Если начать, как ты предлагаешь, с Раскольникова (Александр Поламишев), то в сегодняшнем спектакле для меня его… нет. Поразительно, но он кажется тенью, бледным отсветом практически всех, кто рядом. С первого появления до финала. Несмотря на обилие текста. Может быть — решение? Герой и его сестра принципиально не важны постановщику, он нивелирует их. Поламишев в этом черно-белом роскошном дизайн-пространстве не хозяин. Гость. Ни одну из хрестоматийных яростных дум Раскольникова в нынешнем исполнении и не вспомнить по окончании… Как он с ними, думами, уживался пять часов? Как двигался? Куда, на кого смотрел? С каким выражением лица? С какой переменой этого выражения? Без признаков харизмы, благородных черт молодой человек. На втором спектакле не случилось заметить и нервического блеска глаз… равно как и мучительных раздумий. Ок. И тогда история не про него. Про кого? На мой взгляд, есть здесь главный герой.

Свидригайлов.

Или мне пригрезилось? Самая ли крупная Аркадий Иванович бусина в четках Виднянского? Так нанизано? Сам он говорит, что ставит «о свободе и о вере — в первую очередь. Утрата веры. Мир потихоньку стал атеистом и от этого не сделался счастливым. Не нашел утешающих ответов на самые существенные вопросы». Вписывается ли в это несложное размышление (с чего вдруг ответы должны быть утешающими?!) невероятная по объему фигура Свидригайлова (оставим знакомый трафарет: грубый сладострастник/ развратник-педофил/подлец и циник)? Не знаю. Едва ли.

В память вбился Д. Лысенков — практически с той же силой, с какой Раскольников Поламишева чисто технически вбивает гвоздь в Библию. В скобках: этот эпизод нуждается в анализе. Предоставлю его тебе, человеку верующему…

Марина Дмитревская — Елене Вольгуст

А чего тут непонятного и для неверующего? Убил — значит вбил гвоздь в Библию, как в тело Господа нашего. Преступный в своем неверии Р.Р. наглядно и зримо это проделывает. А потом является Порфирий то ли в монашеской сутане, то ли в рубище добродетельного странника — и, сообщив Родиону Романовичу, что он и убил, мощным гвоздодером вырывает этот гвоздь и из Священного Писания. И как бы ложную идею из сознания Раскольникова вырывает, а вечную праведную евангельскую идею освобождает от неволи, от преступной приколоченности божественного к грешной земле, то есть, к планшету сцены. Эк я! А то мы метафор в жизни не читали и мистерий не посещали!..

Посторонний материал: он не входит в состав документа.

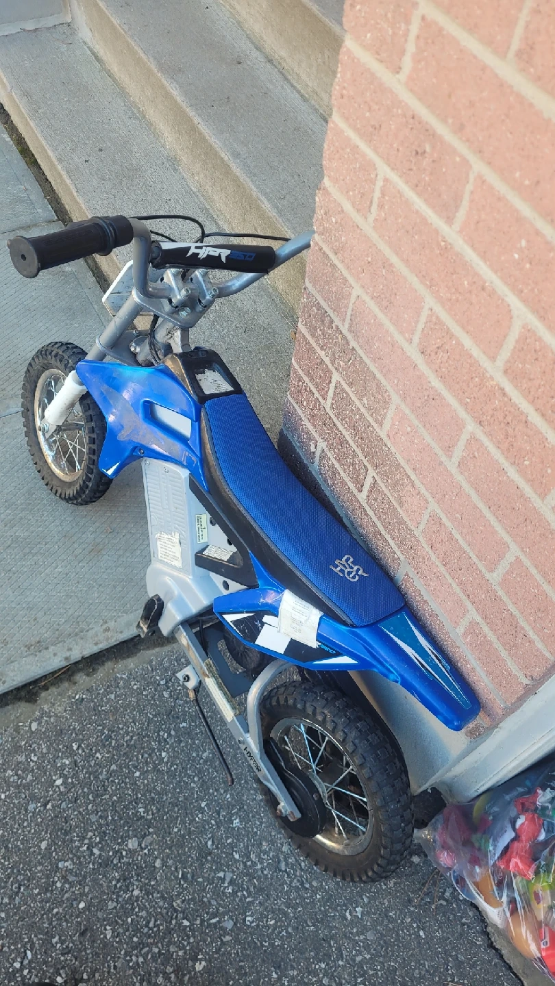 35Selling a blue hyper 350 kids Dirt Rocket electric bike. It's in good condition and ready for some off-road fun! comes with two lead acid batteries.

Елена Вольгуст — Марине Дмитревской

Метафора прочитана и мной, агностиком. Просто резануло… Молотком по гвоздю… И его, гвоздь, в КНИГУ?! По-моему, таковой акт наблюдаем впервые. Ну да ладно. Не нуждается Книга в защите))

Марина Дмитревская — Елене Вольгуст

Он двух женщин порешил, а ты книгу жалеешь… Вот-вот. Такая мистерия…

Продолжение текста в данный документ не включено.